Section R101.4.3 is not in the `12 IRC, ...don't know if the referenced

code section is a misprint or not.

A permit to replace the appliance, and inspection(s) of the project *IS*

required though !

While there is no "requirement" to install insulation on the existing

ductwork, ...in the interest of full transparency to the homeowner,

...the offer to install such insulation "could be" offered on the contract.

Provide the homeowner with accurate code information, and let them

decide what they want to do.



*& = & = &*


----------



## Frank (May 20, 2015)

I would think that sealing and insulating the ducts would be asking for frozen pipes and cold floors.


----------



## mtlogcabin (May 20, 2015)

why do you think it is "unconditioned space"?

No the existing ducts do not need to be sealed or insulated

R403.2.1 Insulation (Prescriptive).

Supply ducts in attics shall be insulated to a minimum of R-8. All other ducts shall be insulated to a minimum of R-6.

Exception: Ducts or portions thereof located completely inside the building thermal envelope.

BUILDING THERMAL ENVELOPE. The basement walls, exterior walls, floor, roof and any other building element that enclose conditioned spaces.

Put a few registers in and condition the space


----------



## steveray (May 20, 2015)

But then the equipment needs to be sized appropriately and the basement walls insulated as well (typically)....


----------



## snowroski (May 20, 2015)

In Pennsylvania, local ordinance requires permit for the replacement of furnace.  Sorry for the coordinates (just checked and they don't lead to the correct location anyway).  I am coming across property owners who have or are going to be replacing furnaces and the previous inspection agency has been failing the installation because the ducts were not insulated.

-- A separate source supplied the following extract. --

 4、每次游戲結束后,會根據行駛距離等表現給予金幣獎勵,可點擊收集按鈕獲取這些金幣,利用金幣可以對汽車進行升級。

I have not required the insulating of ducts with a furnace swap, but got worried that I was missing something.

Thanks!


----------



## snowroski (May 20, 2015)

I agree with steveray, if registers are added to make conditioned space, now you have to size the equipment for the additional heating load and create the thermal envelope for the conditioned space.


----------



## Frank (May 20, 2015)

The uninsulated and leaky ducts have already created an existing partially conditioned space.  Many basements have been partially heated by heat off the furnace boiler and ducts.  It is a feature not a bug.


----------



## jdfruit (May 20, 2015)

May be local ordinance for duct insulation on furnace replacement?


----------



## tmurray (May 20, 2015)

The only thing we have made people upgrade as part of a furnace upgrade was the flue. It was an old leak masonry chimney and I was worried the new, more efficiency equipment would not have flue gases hot enough to create the draw necessary and potentially combustion gas spillage into the home. Turns out they had already planned on putting an insert in the old chimney, so it was a non-issue. If it doesn't deal directly with life safety, I recommend changes, but stop short of requiring them.


----------



## snowroski (May 20, 2015)

No local ordinance for the duct insulation.


----------



## JBI (May 20, 2015)

Conundrum... Size the new furnace for the heated living space and the unit will likely be under-sized and over-worked.

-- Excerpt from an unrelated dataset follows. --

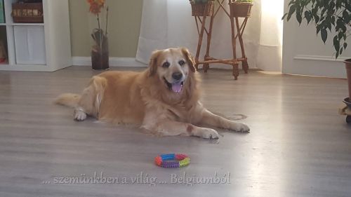 Brunó. 😀 Kis kelekótya. Félelmetes mennyire hasonlít Tasso-ra! ❤ A feje mozdulata, ahogy leül, a reakciója bizonyos dolgokra. Már nem facsarodik össze a szívem ezekre, de még felkapom a fejem, pedig lassan másfél éve, hogy itt van velünk ez a kis rosszcsont. Gyuszi vezérigazgató úrnak hívja. Jön-megy, intézkedik, ellenőriz, megnéz. A személyes tér fogalmáról fogalma sincs sem a többi kutyival, sem emberrel kapcsolatban. Egyszerűen belemászik az emberbe, hogy na, megérkeztem, itt vagyok, cukizok neked, csóválom a farkincámat te pedig szeress. ❤ A dumálás nála is megy, többet beszél mint Taszika beszélt, de kevesebbet mint a goldik. Nála a farkinca és a szeme ami beszédes, abból veszem le mit szeretne.

Size based on the existing conditions and then have a system that still won't work properly, won't save the owner anything on their heating bill only to come back later and tighten up the ducts to leave them with a now oversized unit that still won't be efficient...

OR.... have an Energy Audit done by an independent company and see what the best course of action really is.

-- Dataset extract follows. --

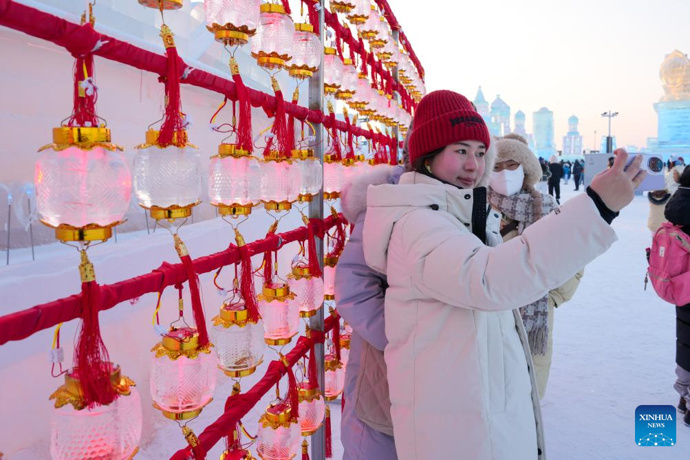 Tourists take selfies at the Harbin Ice-Snow World in Harbin, northeast China's Heilongjiang Province, Jan. 23, 2025. As of 10 p.m. Sunday, the bustling Harbin Ice-Snow World had received more than 2 million visitors since it opened on Dec. 21, 2024. As the city's iconic landmark, the Harbin Ice-Snow World, with this year's edition, the largest in its history, boasts 1 million square meters, up from last year's 800,000 square meters. More than 300,000 cubic meters of ice and snow were used in its construction. (Xinhua/Wang Jianwei)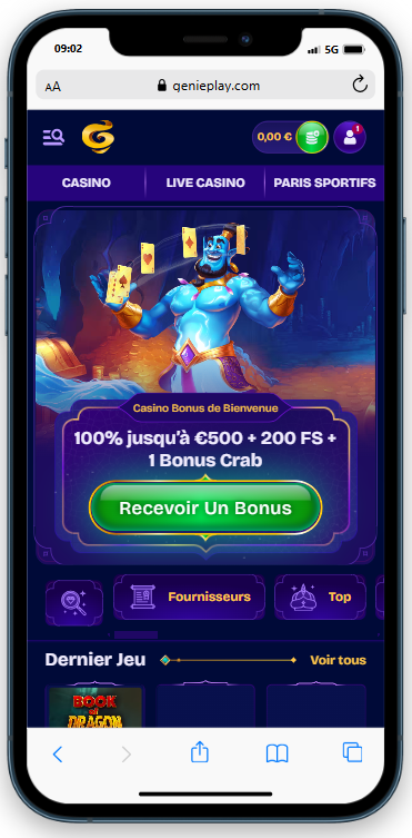 Nous attribuons une note de 5/5 à Genie Play Casino. En effet, nous avons rarement vu un établissement aussi récent et aussi complet ! Avec +9000 jeux disponibles dans sa collection et des milliers de paris sportifs accessibles dans la section « Sports », vous ne risquez pas de vous ennuyer. De plus, le génie est plutôt généreux, puisqu’il prévoit un cashback jusqu’à 25 % pour ses meilleurs joueurs, un bonus de bienvenue de 100 % jusqu’à 500 € + 200 FS + 1 Bonus Crab pour ses nouveaux joueurs et de nombreuses autres promotions tout au long des semaines. Franchement, c’est difficile de faire mieux selon nous.

(P.S. I think NYS has an amendment that would address this)


----------



## jar546 (May 20, 2015)

mtlogcabin said:
			
		

> why do you think it is "unconditioned space"?No the existing ducts do not need to be sealed or insulated
> 
> R403.2.1 Insulation (Prescriptive).
> 
> ...


No go.  Conditioned spaces must be properly insulated so registers in basements then require the basement to be insulated.  You can't have it both ways to circumvent a code requirement


----------



## jar546 (May 20, 2015)

JBI said:
			
		

> Conundrum... Size the new furnace for the heated living space and the unit will likely be under-sized and over-worked. Size based on the existing conditions and then have a system that still won't work properly, won't save the owner anything on their heating bill only to come back later and tighten up the ducts to leave them with a now oversized unit that still won't be efficient...
> 
> OR.... have an Energy Audit done by an independent company and see what the best course of action really is.
> 
> (P.S. I think NYS has an amendment that would address this)


Yes, the new unit must be properly sized for the conditions of the home that it will serve INCLUDING duct insulation, size, and thermal envelope.


----------



## mtlogcabin (May 21, 2015)

jar546 said:
			
		

> No go.  Conditioned spaces must be properly insulated so registers in basements then require the basement to be insulated.  You can't have it both ways to circumvent a code requirement


2012 IRC

N1101.4 (R101.4.5) Change in space conditioning.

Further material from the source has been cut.